> **WORK TASK**
One exact copy of the listing, minus the images, is the required answer.

---- INFORMATION PROVIDED

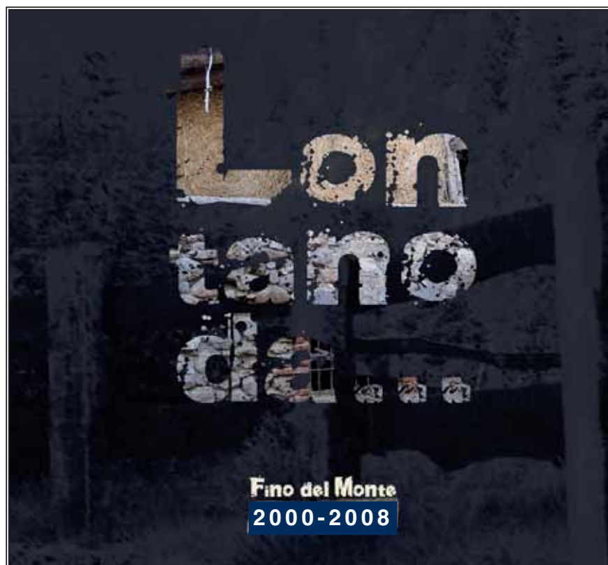
La copertina del CD che raccoglie una interessante sintesi dei concerti estivi 2000-2008
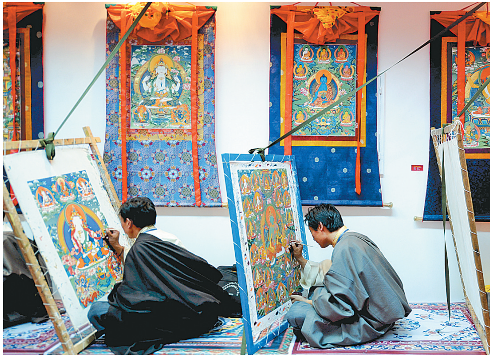
8月2日,西藏自治区举行首届唐卡艺术大展,共有50多名画师的100幅藏族传统唐卡绘画代表作品参展。经过多年的发展,藏族唐卡绘画进入全面繁荣时期,在继承传统绘画的同时,还出现了融合藏族、汉族等多种文化元素的新派唐卡。唐卡是藏族传统绘画艺术的瑰宝,题材大多与宗教有关,通常描绘佛像、宗教人物、宗教故事等,也有一些表现社会生活的作品。藏族唐卡画师现场作画。

“登封‘天地之中’历史建筑群位于河南省郑州市境内,包括公元2世纪以来的观星台、少林寺等8处11项历史建筑。这些建筑集中体现了中国古代宇宙观,将中国传统天文概念与至高无上的皇权概念有效地结合在一起,对中国古代建筑、艺术、宗教和科学领域产生了较大影响。国际专业咨询机构对该项目予以了高度评价,第34届世界遗产委员会也充分肯定了‘登封’‘天地之中’历史建筑群具有世界遗产的突出普遍价值,一致同意国际专业咨询机构的推荐意见。”

--------

> **SOLUTION BELOW**
La copertina del CD che raccoglie una interessante sintesi dei concerti estivi 2000-2008
8月2日,西藏自治区举行首届唐卡艺术大展,共有50多名画师的100幅藏族传统唐卡绘画代表作品参展。经过多年的发展,藏族唐卡绘画进入全面繁荣时期,在继承传统绘画的同时,还出现了融合藏族、汉族等多种文化元素的新派唐卡。唐卡是藏族传统绘画艺术的瑰宝,题材大多与宗教有关,通常描绘佛像、宗教人物、宗教故事等,也有一些表现社会生活的作品。藏族唐卡画师现场作画。

“登封‘天地之中’历史建筑群位于河南省郑州市境内,包括公元2世纪以来的观星台、少林寺等8处11项历史建筑。这些建筑集中体现了中国古代宇宙观,将中国传统天文概念与至高无上的皇权概念有效地结合在一起,对中国古代建筑、艺术、宗教和科学领域产生了较大影响。国际专业咨询机构对该项目予以了高度评价,第34届世界遗产委员会也充分肯定了‘登封’‘天地之中’历史建筑群具有世界遗产的突出普遍价值,一致同意国际专业咨询机构的推荐意见。”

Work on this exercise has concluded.